(Reuters) - U.S. policymakers should gradually lift the country's decades-old ban on crude oil exports because allowing the shipments would make the global energy system and fuel prices more stable, the head of Royal Dutch Shell Plc (RDSa.L) said on Tuesday.
"Policymakers here in the United States should embrace a truly liberalized, diverse and global energy market," Shell Chief Executive Officer Ben van Beurden told an energy conference at Columbia University in New York.
U.S. oil and natural gas exports "would reinforce the long-term future of North American energy production," significantly improve the U.S. balance of trade, and "help to make the global energy system much more stable," he said.
The United States has banned most crude exports since the Arab oil embargo of the 1970s. But pressure on the Obama administration and on Congress to overturn the restriction has risen amid the domestic shale energy boom of the last several years.

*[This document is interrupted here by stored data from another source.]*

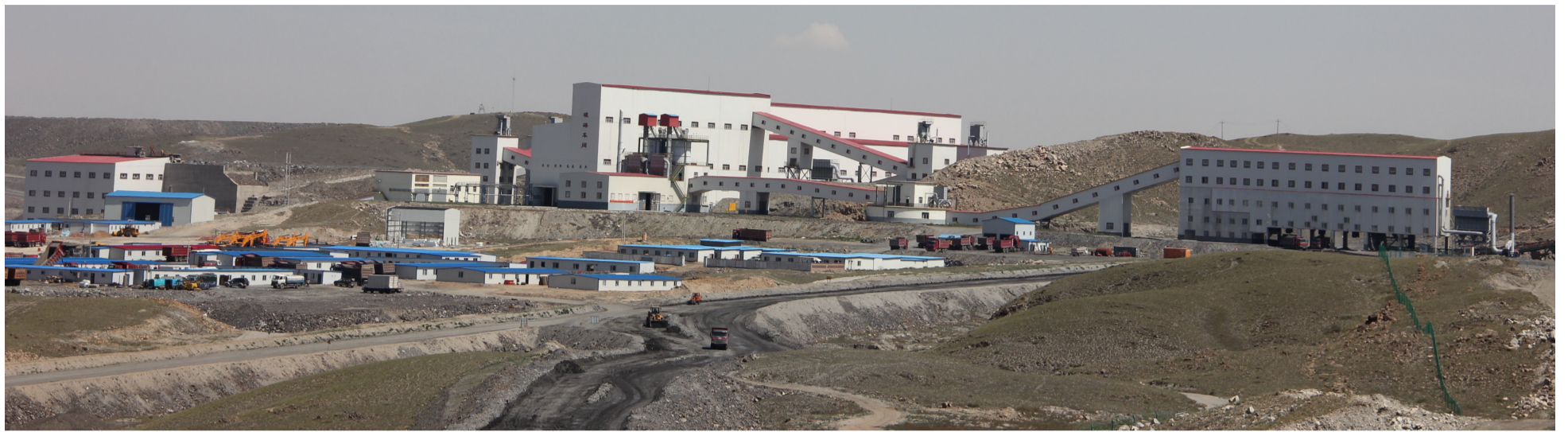
内蒙古太平矿业破碎站全貌

在长山壕矿区资源储量大幅增加的基础上，2012年9月，公司计划投资约10亿元实施二期扩建工程。二期工程计划于2013年下半年试车、投产。届时，公司产能、产量、利润、税费等重要指标将在“十二五”期间实现“翻番”目标，可以说是“再建一个太平”。
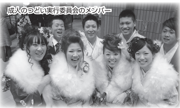
成人のつどい実行委員会のメンバー
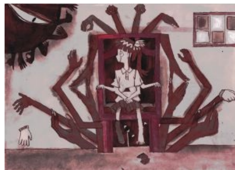
В игре очень много рук. И глаз.

Живут они в белой пустыне. Чтобы попасть к Моноко , нужно спуститься вниз к бесконечной дороге и зайти в тоннель. Там будет ждать сабж, представляющий из себя просто монохромную лоли , но стоит только применить рядом с ней эффект светофора... Еще раз можно убедиться, что Мадоцуки видела автокатастрофу, или вообще в нее попала. Моноэ водится неподалеку и представляет собой такую же монохромную лолли, которая при попытке взаимодействовать даже улыбнется на весь экран, но вот выцепить ее трудновато, ибо она ходит в большой черной комнате. Эти две тья, в особенности Моноко, породили много фанарта в гротескном или юрийном стиле.
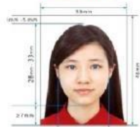
Paper Photo for Visa Application Form
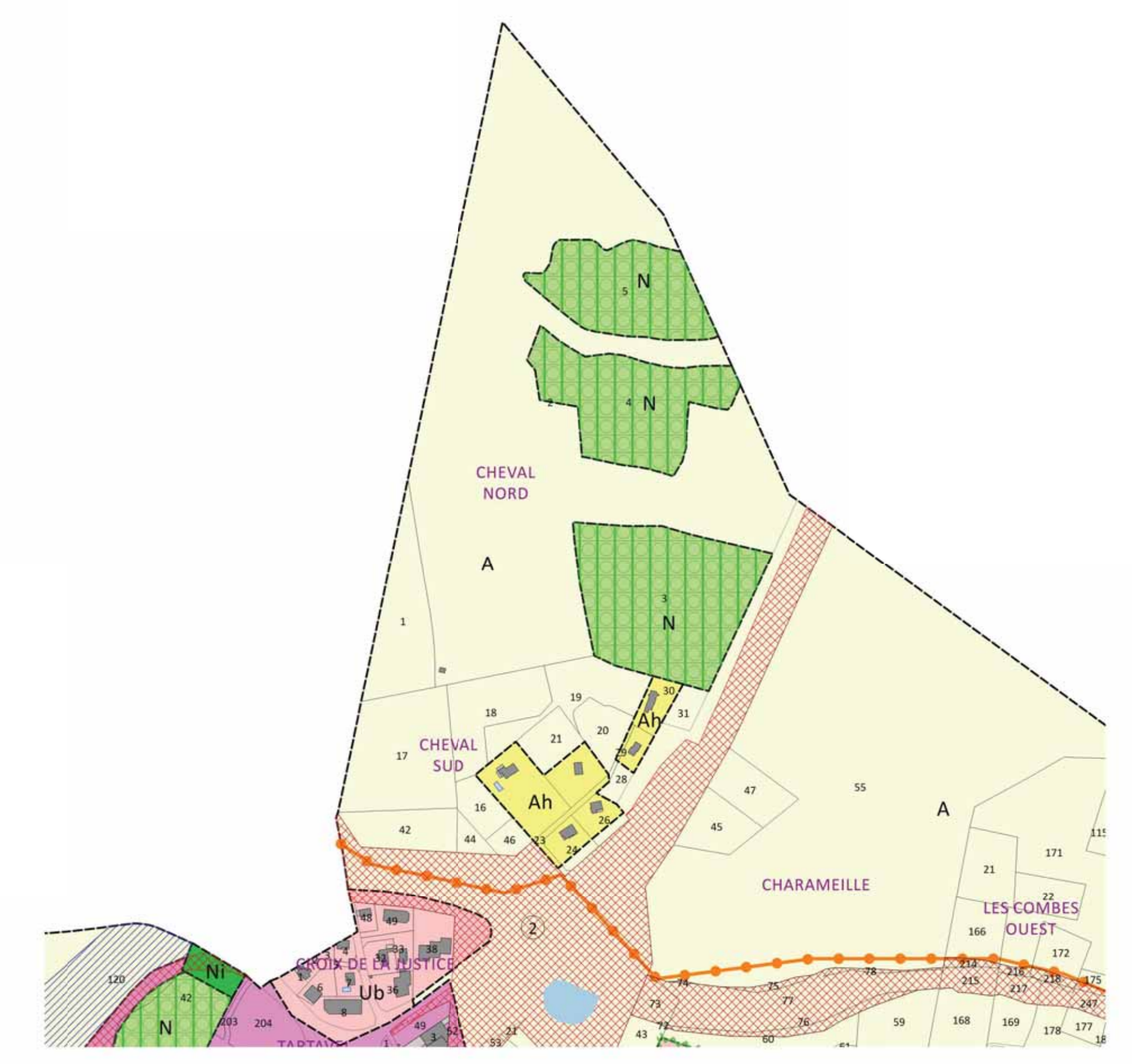
PARTIE NORD Echelle : 1/5000
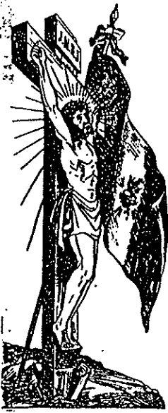
« Vive le Christ qui aime les Français ! « Vive le Sacré-Cœur notre espoir et notre salut ! »
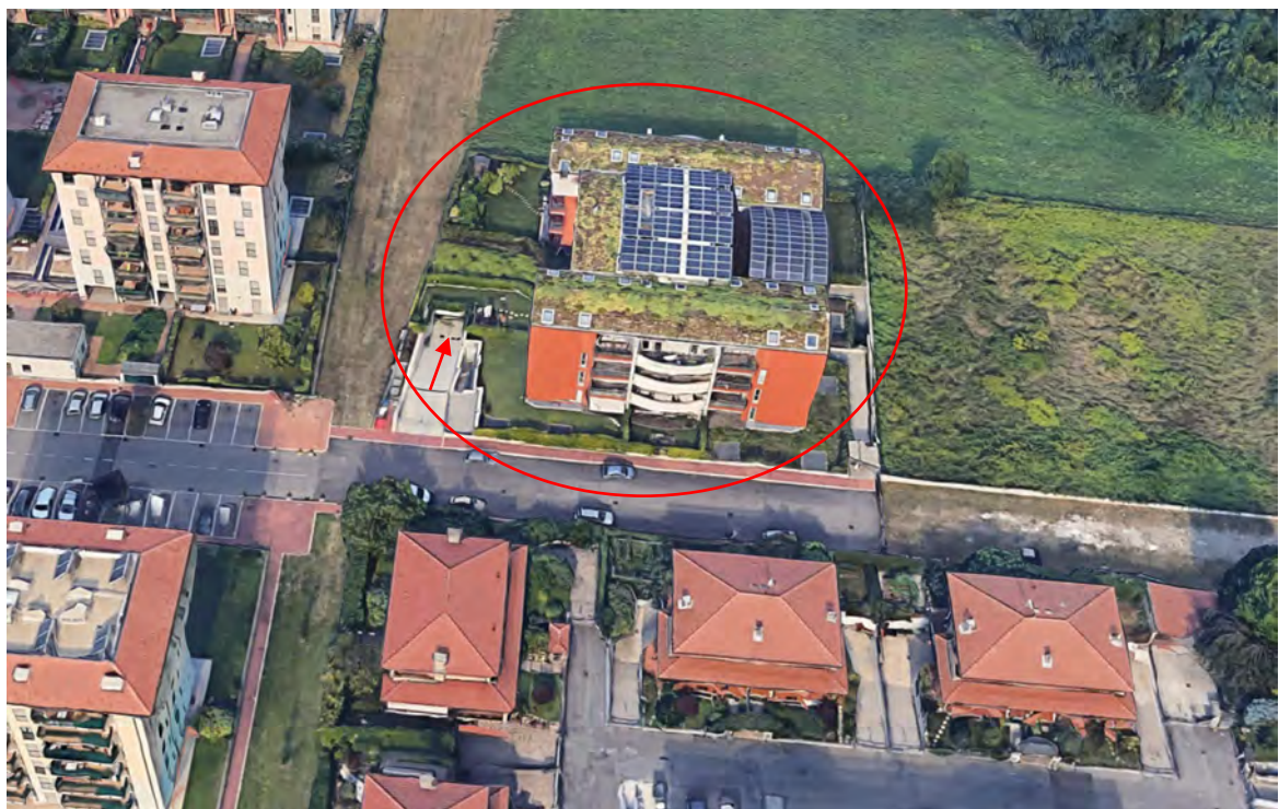
Inquadramento territoriale - vista dell'area e individuazione fabbricato e accesso carrabile
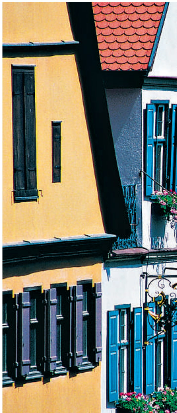
Fargerike fasader i Dinkelsbühl.

www.allgaeu.info www.frankentourismus.de www.ostbayern-tourismus.de www.romantischestrassen.de
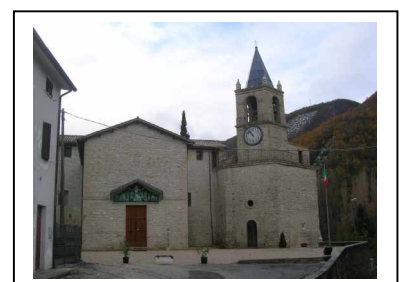
Scopoli – La Canonica e il Castello
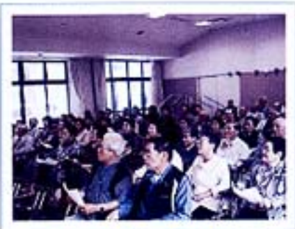
五ヶ瀬町高齢者福祉大会
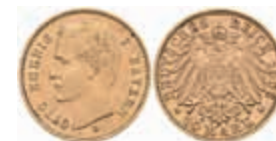
630 10 Mark, 1906, Otto, ss-vz. J. 201 240,—
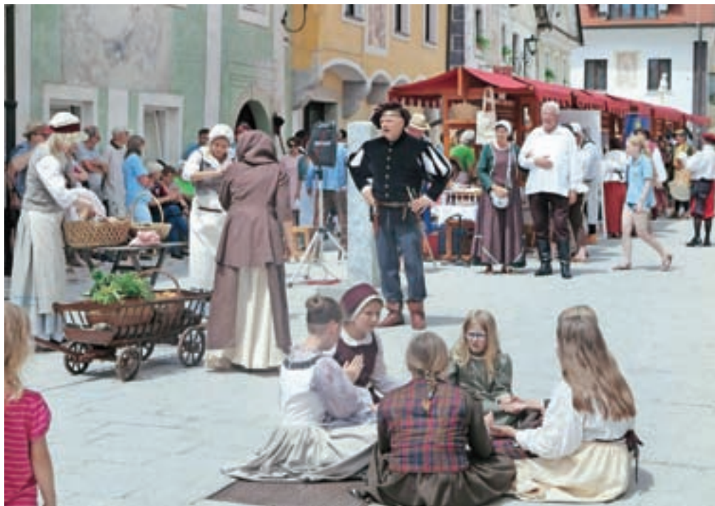
Radovljica je v soboto spet zaživela v srednjeveškem vzdušju. V starem mestnem jedru so pripravili Prangerijado, srečanje mest, ki še imajo ohranjene sramotilne stebre.

Na prireditvi, ki so jo pomenovali Prangerijada, se srečajo enkrat letno, vsako leto v drugem od sodelujočih krajev; tokrat, na 22. srečanju, je bila gostiteljica Radovljica. "Prireditev je etnološko obarvana in osre-
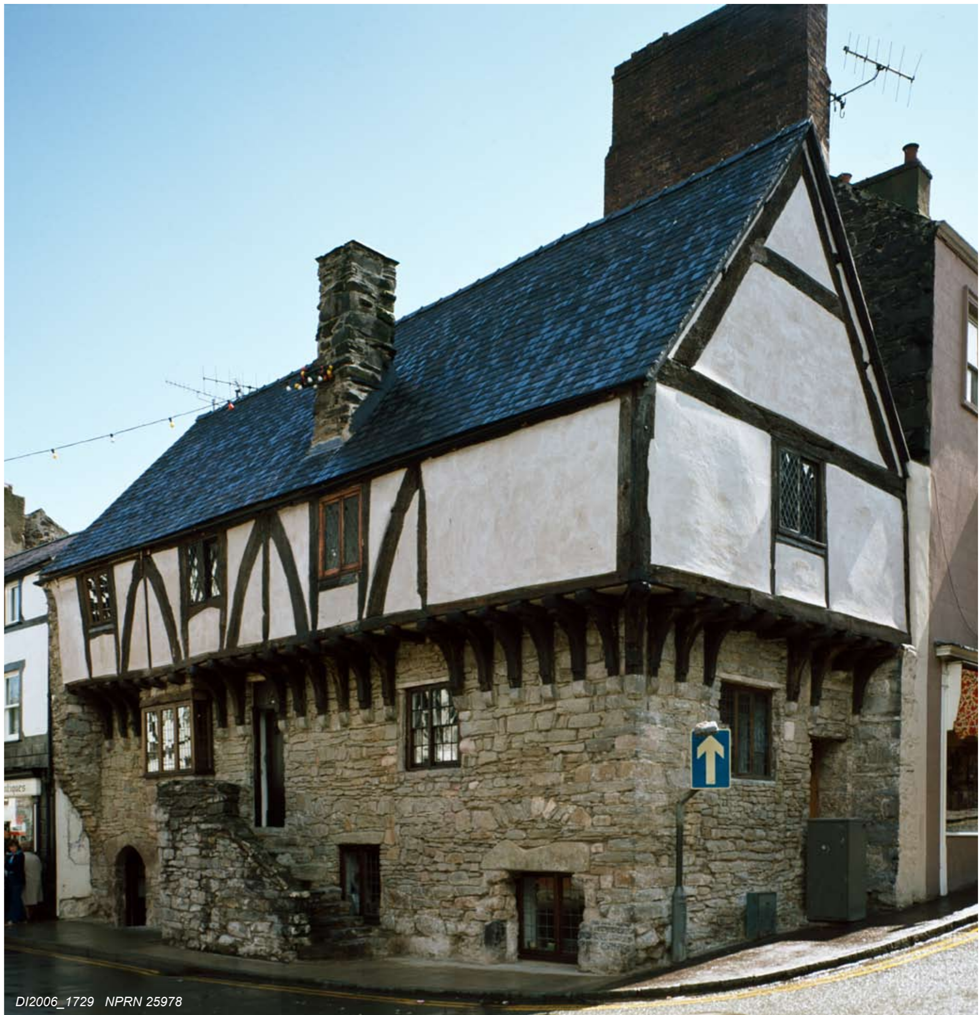
DI2006_1729 NPRN 25978
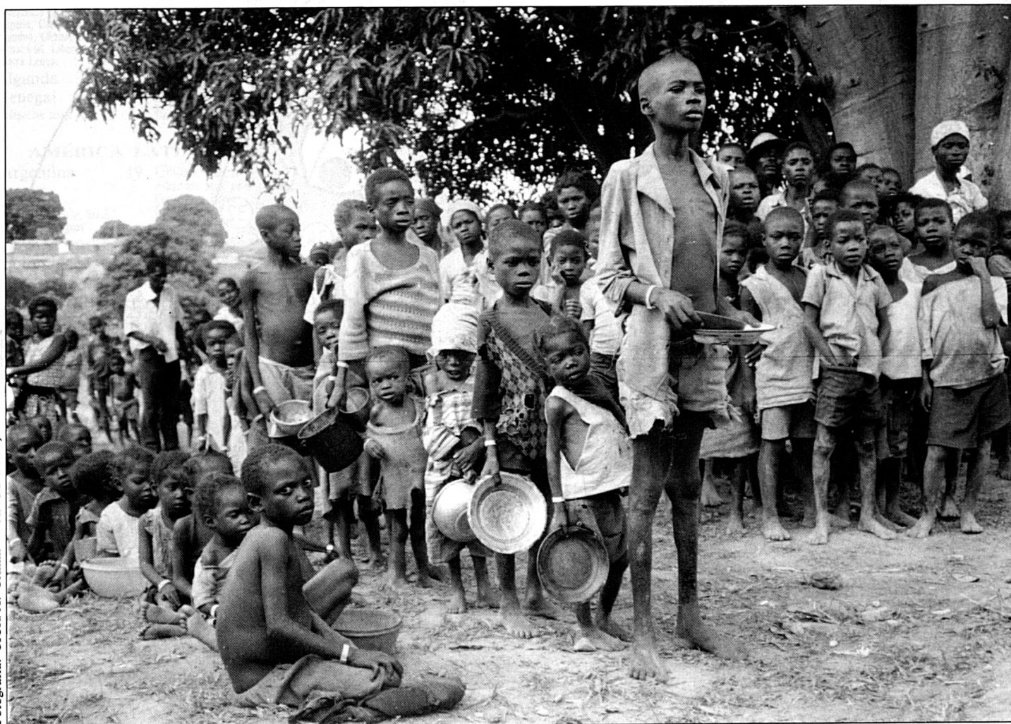
Distribución de víveres en Ganda (Angola).

The United States is soon expected surpass Saudi Arabia and Russia to become the world's top oil producer.
The Commerce Department in March allowed two companies, Enterprise Product Partners (EPD.N) and Pioneer Natural Resources (PXD.N), to export an ultra light form of oil called condensate. The ruling became public in June.
But since then at least three applications for more condensate exports have been put on hold.
Meanwhile, Washington has approved several applications to export natural gas, with the first shipments expected next year.
In his first major public speech since becoming CEO of the energy firm in January, van Beurden said that gradually lifting the ban would be good for U.S. fuel consumers because it would allow the country's oil production to keep growing and to keep oil flowing to global refiners. That should keep fuel prices from spiking, he said.
"I don't think it would be sensible to argue for an immediate opening overnight, but a systematic and gradual opening up of the export ban would be a sensible thing to do," he said.
Anglo-Dutch Shell is the second-largest Western energy company after Exxon Mobil Corp (XOM.N).
Congress is not expected to overturn the crude export ban any time soon. Many lawmakers are concerned that by doing so they could be blamed if gasoline prices rose, even if a price move was caused by other factors.
The Obama administration could take other steps, though, such as allowing crude oil swaps. But there are no indications of that happening soon either.
"At this point our policy regarding crude oil exports remains as is," Commerce Secretary Penny Pritzker said on a teleconference with journalists on Tuesday.
Van Beurden said the U.S. shale revolution was a long time in the making. Shale resources will also develop in Argentina, China and Algeria, but it will take time, he added.